The exact lines from the start of the material below through the line holding "Pair it with" are the answer; return those, pictures excluded.

* Raw data *
*****

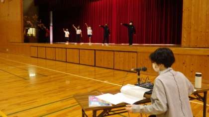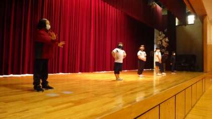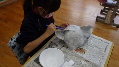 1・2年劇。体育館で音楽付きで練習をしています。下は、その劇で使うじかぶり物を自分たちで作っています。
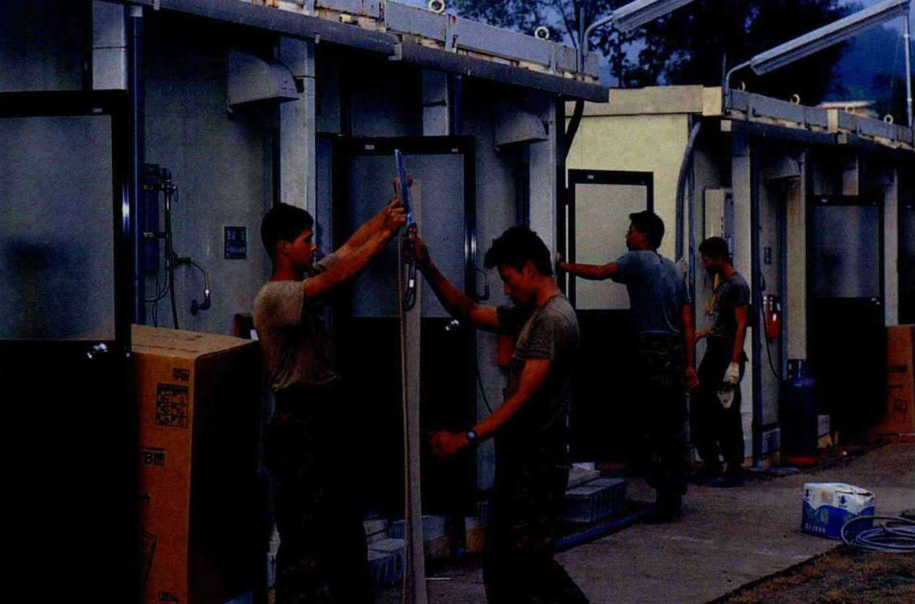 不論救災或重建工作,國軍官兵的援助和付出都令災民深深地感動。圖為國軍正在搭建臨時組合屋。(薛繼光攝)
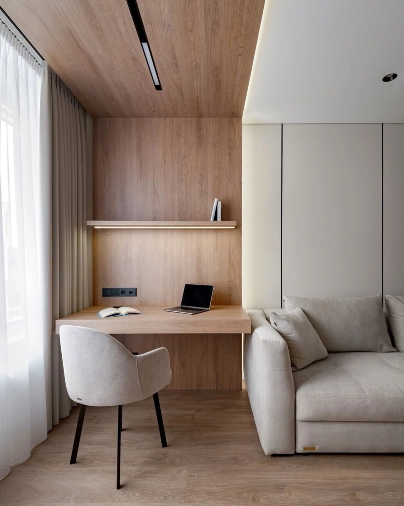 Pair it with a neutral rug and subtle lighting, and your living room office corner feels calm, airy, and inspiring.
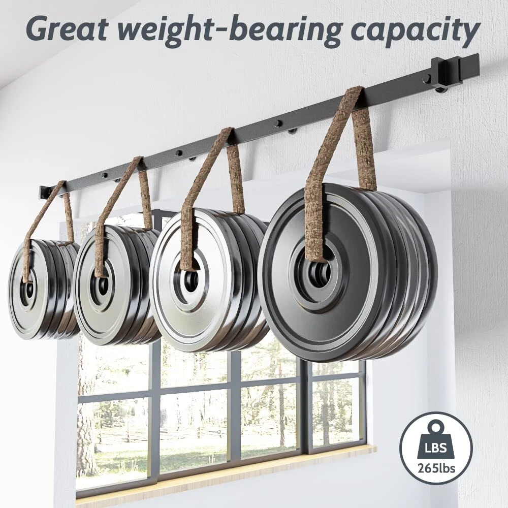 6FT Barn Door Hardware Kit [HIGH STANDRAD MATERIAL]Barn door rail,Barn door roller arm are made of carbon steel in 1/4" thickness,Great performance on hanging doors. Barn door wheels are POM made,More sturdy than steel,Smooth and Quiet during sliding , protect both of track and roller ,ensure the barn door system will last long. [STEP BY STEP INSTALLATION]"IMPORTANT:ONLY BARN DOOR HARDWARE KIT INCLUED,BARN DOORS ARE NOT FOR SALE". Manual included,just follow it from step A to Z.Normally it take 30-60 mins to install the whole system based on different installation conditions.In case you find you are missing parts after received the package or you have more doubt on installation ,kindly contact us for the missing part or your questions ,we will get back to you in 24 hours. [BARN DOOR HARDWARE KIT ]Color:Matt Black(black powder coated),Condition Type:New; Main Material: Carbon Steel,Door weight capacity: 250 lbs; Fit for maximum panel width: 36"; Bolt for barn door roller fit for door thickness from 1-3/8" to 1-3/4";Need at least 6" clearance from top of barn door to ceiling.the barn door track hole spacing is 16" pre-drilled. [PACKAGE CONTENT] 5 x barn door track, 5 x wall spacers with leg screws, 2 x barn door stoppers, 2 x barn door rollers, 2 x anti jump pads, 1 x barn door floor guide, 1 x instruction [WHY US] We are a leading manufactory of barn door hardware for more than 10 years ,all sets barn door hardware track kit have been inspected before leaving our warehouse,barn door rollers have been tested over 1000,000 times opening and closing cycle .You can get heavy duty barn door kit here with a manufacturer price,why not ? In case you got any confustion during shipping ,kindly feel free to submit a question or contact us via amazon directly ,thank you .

*****

* Response to the task *
 1・2年劇。体育館で音楽付きで練習をしています。下は、その劇で使うじかぶり物を自分たちで作っています。
 不論救災或重建工作,國軍官兵的援助和付出都令災民深深地感動。圖為國軍正在搭建臨時組合屋。(薛繼光攝)
 Pair it with a neutral rug and subtle lighting, and your living room office corner feels calm, airy, and inspiring.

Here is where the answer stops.